# Not here yet, but getting prepared..dating Q's...



## HeartbreakHotelGuest (Jul 18, 2012)

Hi all. Im 42 with 4 kids, married 12yrs. My STBXH is reminding me everyday of our getting divorced... He is leaving me. I believe deeply he has had an affair although i cannot prove it and he swears he hasnt, but the signs... they are all there. This morning he told me he will be marrying someone much younger, hes looked into the cost of reversing his vasectomy and will be having 2 more kids with her... BTW my marriage is ending because i didnt put him first.

I cant get over him, and im starting to get this eeling to meet someone else - quickly, to try to move on probably because he already has.

From people who have been there done that... any tips on moving on? how long did you wait before dating? Anyone older with more than 2 kids find a serious relationship?

Right now i feel like i will be stuck being lonely the rest of my life while my ex has this great new life? never loving anyone and risk these feelings again and what if my kids like his new wife better? and dying alone... uuhhggg, just need some reassurance that somehow, someday, there will some peaceful exsistance


----------



## solitudeseeker (May 1, 2011)

Oh, honey, slow down. You sound so frantic. You are NOT in a race with your ex to see who can hook up with a new lover the fastest. Do not judge yourself that way. You do not have to be the first to "move on" (which most of the population interprets as finding a new lover immediately, lest we be labeled a "loser"), and the worst thing you can do right now is to desperately fling yourself at some new guy just to prove your worth to your twerpo husband.

I do understand what you are feeling. I am a 52-year-old mother of a teenaged daughter, alone after an 18 year marriage. The fear and sadness well up. I am aging. Am I still pretty? Will I find someone new, or will I be alone for the rest of my life? But we cannot let these fears be the things that drive us, or we'll skid right off the road.

My husband had affairs while we were still together, and since our separation a year ago, he has been involved with God only knows how many women. He goes out all the time, has a much more active social life than me. His life looks a lot more fun than mine. In his eyes, he has "moved on." In the eyes of other people, he has "moved on".

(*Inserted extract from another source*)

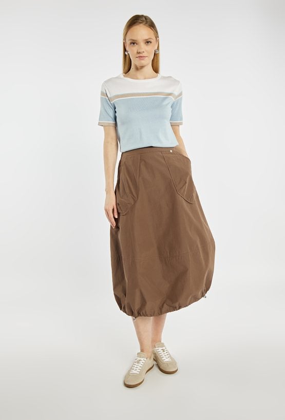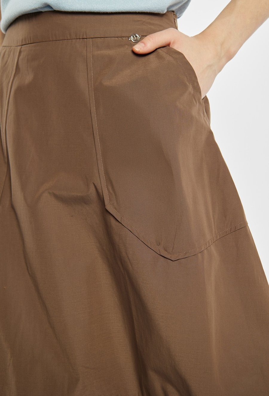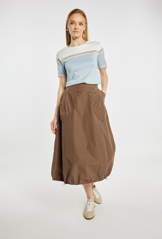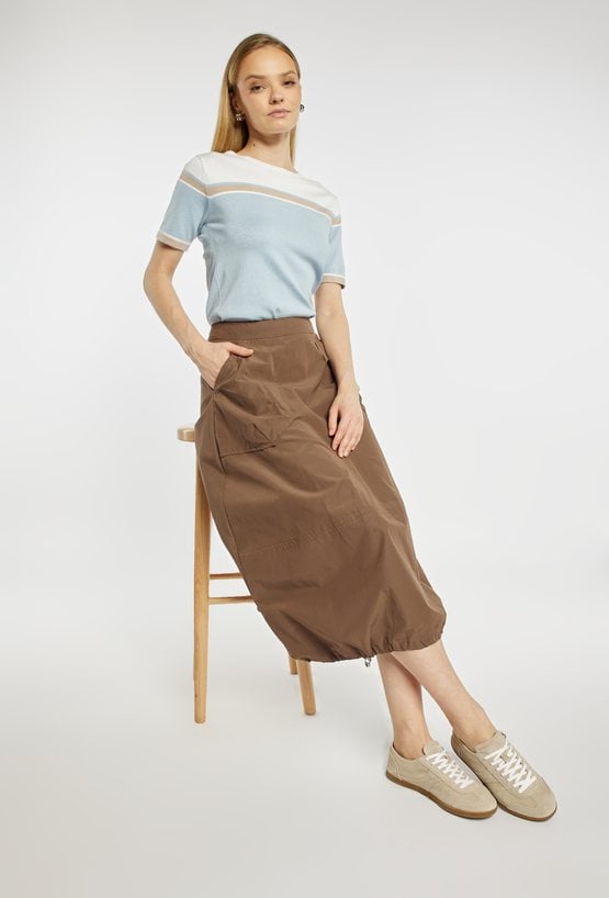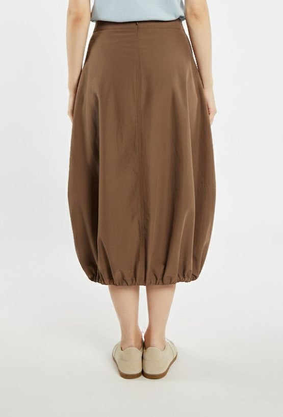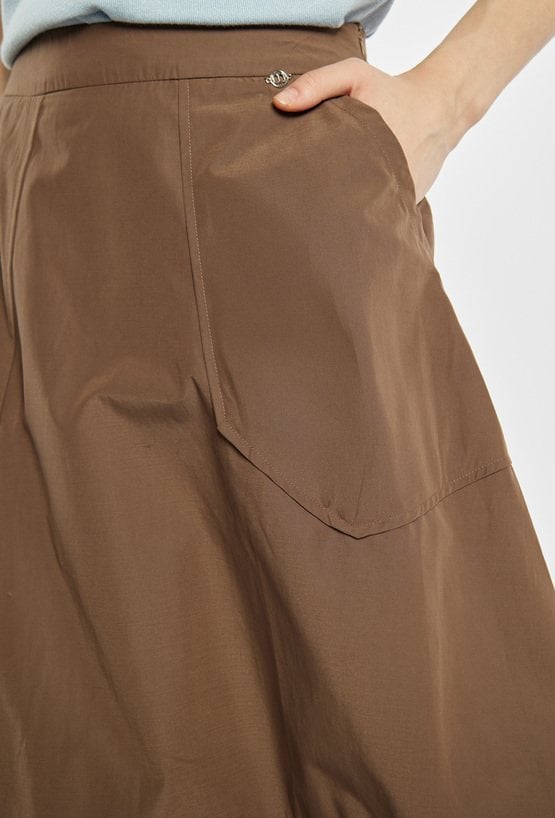 Spódnica o długości midi, o charakterystycznym, lekko balonowym kroju z delikatnie marszczonym dołem. Model z praktycznymi kieszeniami. Swobodny fason zapewnia komfort noszenia i nadaje stylizacji casualowy, nowoczesny charakter. Doskonała do codziennych zestawów, świetnie komponuje się z prostą bluzką lub sportowym obuwiem. Modelka na zdjęciu ma 177 cm wzrostu i prezentuje rozmiar 36.

I have not had a single date, nor have I had sex since our breakup exactly one year ago. I live a quieter life. Many people would view this as not "moving on". Perhaps they even view me as a loser.

They don't get it. I am moving on, by cultivating my life. I read, I write, I take care of my daughter, I go to concerts, I'm learning to cook really good food, I've lost ten pounds and look damned good in my jeans for a 52-year-old, I am appreciated at my job. I am tentatively starting some new post-divorce friendships. I do what pleases me. My life is more calm and sane than it has been in years. This is my time, and I am dedicating it to me, and to my daughter.

I don't negatively judge myself because I haven't found a new man yet. I'm not even looking, and expect that I may not for a couple more years. I'll take my time, thank you very much.

If my ex judges me negatively because I am not in a new relationship, screw him. If other people judge me negatively because I am not in a new relationship, screw them. There are many ways one can "move on" after a divorce, and the healthiest ones do not involve desperate attempts to find a new lover before you've taken any time to heal your own broken heart. 

Don't compare your life to his. If he has left you behind, stop following him. Keep a solid grip on your steering wheel and turn yourself onto a different path. Slow and steady, no skidding! You're moving into uncharted territory, and it will be bumpy, but keep on driving. Eventually, you'll be the one who leaves him behind.


----------



## Corpuswife (Apr 24, 2009)

Slow down...take a deep breath! We all have those fears of not finding someone or not being "enough" for the dating scene. It will work out.

Right now your 4 children need you and their dad. 

Given his snippy remarks regarding have a new family with the new, younger girl....make sure he PAYS for your children. Don't be nice either! He sounds like he is a bit resentful and ugly at this point but you are under no obligation to worry about him now (other than the father of your kiddos). I hope he still stays connected with his children.

He will get his share of Karma...you find your own path.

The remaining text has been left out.